A significant proportion of infertility cases are due to genetic defects. Male infertility accounts for 50% of infertility cases [5], with known genetic factors accounting for 15–30% of male infertility [6]. Chromosomal alterations [7], inversions [8], translocations [9], Y chromosome microdeletions [10], and gene mutations (for example single-nucleotide variants (SNVs) in CFTR [11]) are the main genetic variants causing male infertility. In females, infertility is a more heterogeneous condition. While genetics clearly play a role, these effects are mostly polygenic, making it difficult to define a single genetic cause. The two most common female factor conditions, ovulatory dysfunction (25%) and endometriosis (15%), have familial predisposition, suggesting a genetic basis [12]. In addition, sex chromosome alterations [13] and several single gene mutations have been described impacting female fertility [14, 15], causing conditions like hypogonadotropic hypogonadism, premature ovarian insufficiency, endometriosis, and polycystic ovarian syndrome (reviewed in [12]).

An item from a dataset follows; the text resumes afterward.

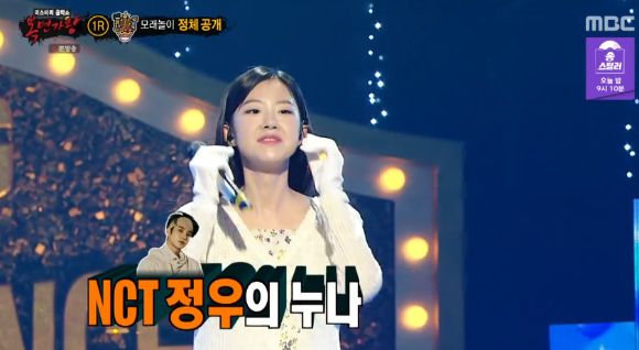 [조이뉴스24 김양수 기자] '복면가왕' 모래시계가 2라운드에 진출한 가운데, 모래놀이의 정체가 공개됐다. 모래놀이는 NCT 정우의 누나인 배우 김민아였다.

Traditionally, several assays are needed to make a definitive genetic diagnosis of infertility, which makes the process expensive and slow. For example, in males, a variety of techniques are necessary for analysis of genetics: sex chromosome aneuploidies are detected by cytogenetic tests like karyotyping; Y chromosome microdeletions are detected by polymerase chain reaction (PCR)-based methods; and CFTR mutations are detected by Sanger DNA sequencing. However, a shotgun approach in which all genetic tests are ordered for all patients is not recommended because cost is prohibitive [16]. In females, success rates vary depending on many factors with age being the most important. An infertility evaluation includes very diverse tests including blood and urine hormone levels, imaging, and for women with unexplained infertility issues, genetic tests like karyotyping or DNA sequencing of selected genes.

Next-generation sequencing (NGS) permits the simultaneous interrogation of multiple disease-causing variants in many genes, allowing expanded genetic diagnostics to be routinely used in medical practice. This is already a reality in other medical fields, like oncology [17] and heart disease [18], where panel testing allows for the most comprehensive assessment of genetic etiologies. NGS is also very cost-effective as it allows for the detection of very different types of variants (for example, SNVs, small indels, large Y chromosome deletions, and sex chromosome aneuploidies) by using a single test in combination with multiple bioinformatics algorithms to process these diverse data. Here, we present the development of an NGS panel and bioinformatics pipeline for the detection of genetic variants with direct impact on female and male infertility. We also present a cost comparative analysis of current approaches in comparison with the NGS test.

Materials and methods

Subjects and samples

Samples of genomic DNA with previously identified variants in the genes interrogated by the sequencing panel were obtained as purified DNA from the Human Genetic Cell Repository (National Institute of General Medical Sciences) at the Coriell Institute for Medical Research (Camden, NJ) or the Indiana Biobank (Indianapolis, IN) or extracted from saliva samples collected by DNAsimple (Philadelphia, PA). All samples submitted to our diagnostics laboratory as saliva were manually extracted using the Qiagen QIAamp Mini Kits following the manufacturer’s instructions. DNA was quantified using Quant-iT Picogreen dsDNA Assay Kit (Life Sciences) and a Varioskan LUX (Thermo Scientific). Supplementary Table S1 describes all samples used in this study, with biorepository numbers, as well as their previous characterization results and rationale for inclusion. All samples presented here are de-identified (HHS 45 CFR part 46.101(b)(4)). IRB approval to handle de-identified samples was obtained through ASPIRE (Santee, CA), protocol IRB-R-003.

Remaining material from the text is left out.